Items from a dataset
=== Begin Enclosure ===
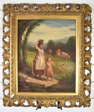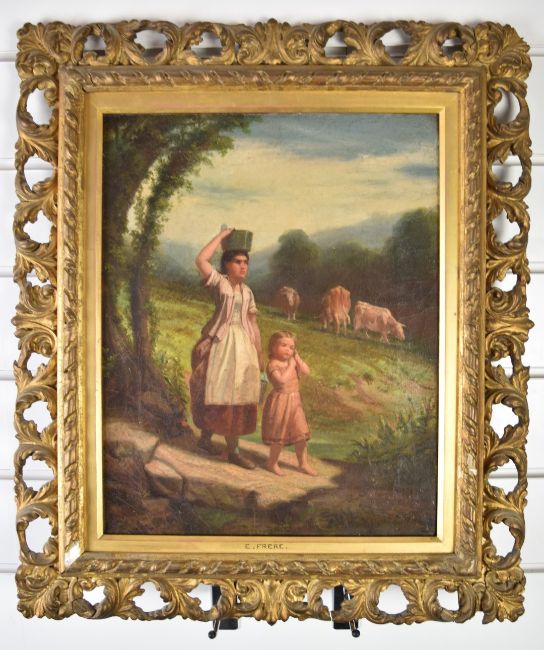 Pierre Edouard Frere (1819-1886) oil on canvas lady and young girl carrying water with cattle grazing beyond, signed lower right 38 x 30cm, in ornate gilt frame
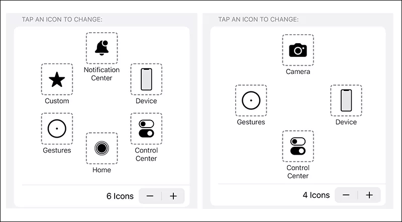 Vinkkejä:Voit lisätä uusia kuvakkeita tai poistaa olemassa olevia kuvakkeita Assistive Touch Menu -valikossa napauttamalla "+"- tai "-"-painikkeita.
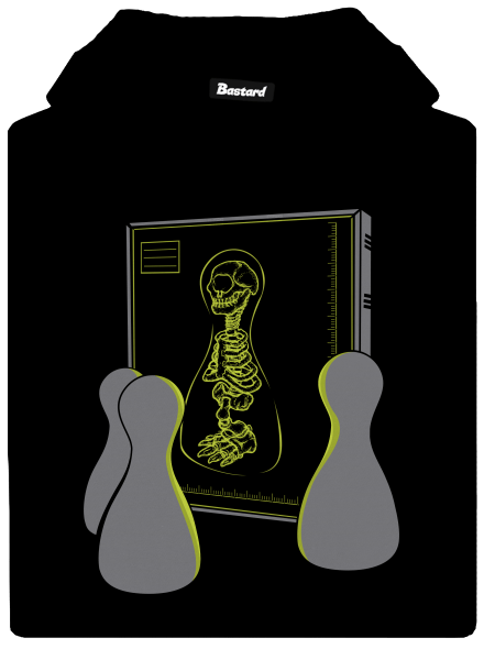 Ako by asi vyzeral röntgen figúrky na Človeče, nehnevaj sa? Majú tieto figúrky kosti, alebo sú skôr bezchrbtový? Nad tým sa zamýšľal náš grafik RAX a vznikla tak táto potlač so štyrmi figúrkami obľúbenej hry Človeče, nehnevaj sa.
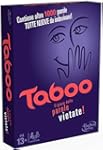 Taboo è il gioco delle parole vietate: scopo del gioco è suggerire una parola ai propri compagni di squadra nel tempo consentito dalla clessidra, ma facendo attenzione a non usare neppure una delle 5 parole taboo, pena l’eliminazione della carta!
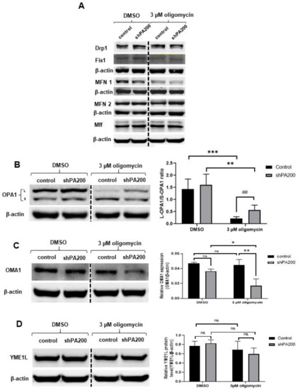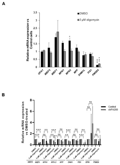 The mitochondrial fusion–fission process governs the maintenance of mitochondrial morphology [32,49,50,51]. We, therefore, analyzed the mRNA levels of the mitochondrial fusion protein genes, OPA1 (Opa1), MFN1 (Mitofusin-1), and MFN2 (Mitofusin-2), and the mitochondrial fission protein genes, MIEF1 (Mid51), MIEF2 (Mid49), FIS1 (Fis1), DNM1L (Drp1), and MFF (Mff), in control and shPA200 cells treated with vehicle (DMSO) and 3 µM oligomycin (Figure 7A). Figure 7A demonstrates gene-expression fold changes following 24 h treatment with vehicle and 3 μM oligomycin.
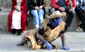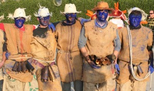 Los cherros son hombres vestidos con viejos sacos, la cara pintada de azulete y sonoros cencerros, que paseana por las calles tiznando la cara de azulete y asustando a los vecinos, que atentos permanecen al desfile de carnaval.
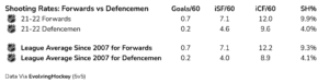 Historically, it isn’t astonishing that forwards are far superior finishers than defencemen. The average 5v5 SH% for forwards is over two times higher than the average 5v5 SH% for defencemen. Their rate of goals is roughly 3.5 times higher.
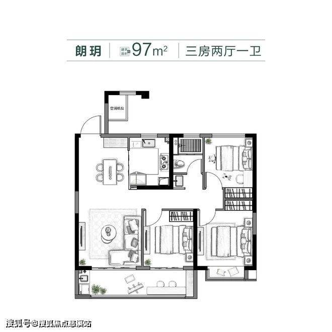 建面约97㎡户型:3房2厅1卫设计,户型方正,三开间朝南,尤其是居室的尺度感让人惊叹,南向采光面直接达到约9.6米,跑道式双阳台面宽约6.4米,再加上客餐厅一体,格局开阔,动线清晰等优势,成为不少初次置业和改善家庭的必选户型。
=== End Enclosure ===
## WORK REQUIRED
Please output exactly the lines of the data above, from its first line through the line with "The mitochondrial fusion–fission", and nothing else; drop the pictures.

## RESPONSE BOX
 Pierre Edouard Frere (1819-1886) oil on canvas lady and young girl carrying water with cattle grazing beyond, signed lower right 38 x 30cm, in ornate gilt frame
 Vinkkejä:Voit lisätä uusia kuvakkeita tai poistaa olemassa olevia kuvakkeita Assistive Touch Menu -valikossa napauttamalla "+"- tai "-"-painikkeita.
 Ako by asi vyzeral röntgen figúrky na Človeče, nehnevaj sa? Majú tieto figúrky kosti, alebo sú skôr bezchrbtový? Nad tým sa zamýšľal náš grafik RAX a vznikla tak táto potlač so štyrmi figúrkami obľúbenej hry Človeče, nehnevaj sa.
 Taboo è il gioco delle parole vietate: scopo del gioco è suggerire una parola ai propri compagni di squadra nel tempo consentito dalla clessidra, ma facendo attenzione a non usare neppure una delle 5 parole taboo, pena l’eliminazione della carta!
 The mitochondrial fusion–fission process governs the maintenance of mitochondrial morphology [32,49,50,51]. We, therefore, analyzed the mRNA levels of the mitochondrial fusion protein genes, OPA1 (Opa1), MFN1 (Mitofusin-1), and MFN2 (Mitofusin-2), and the mitochondrial fission protein genes, MIEF1 (Mid51), MIEF2 (Mid49), FIS1 (Fis1), DNM1L (Drp1), and MFF (Mff), in control and shPA200 cells treated with vehicle (DMSO) and 3 µM oligomycin (Figure 7A). Figure 7A demonstrates gene-expression fold changes following 24 h treatment with vehicle and 3 μM oligomycin.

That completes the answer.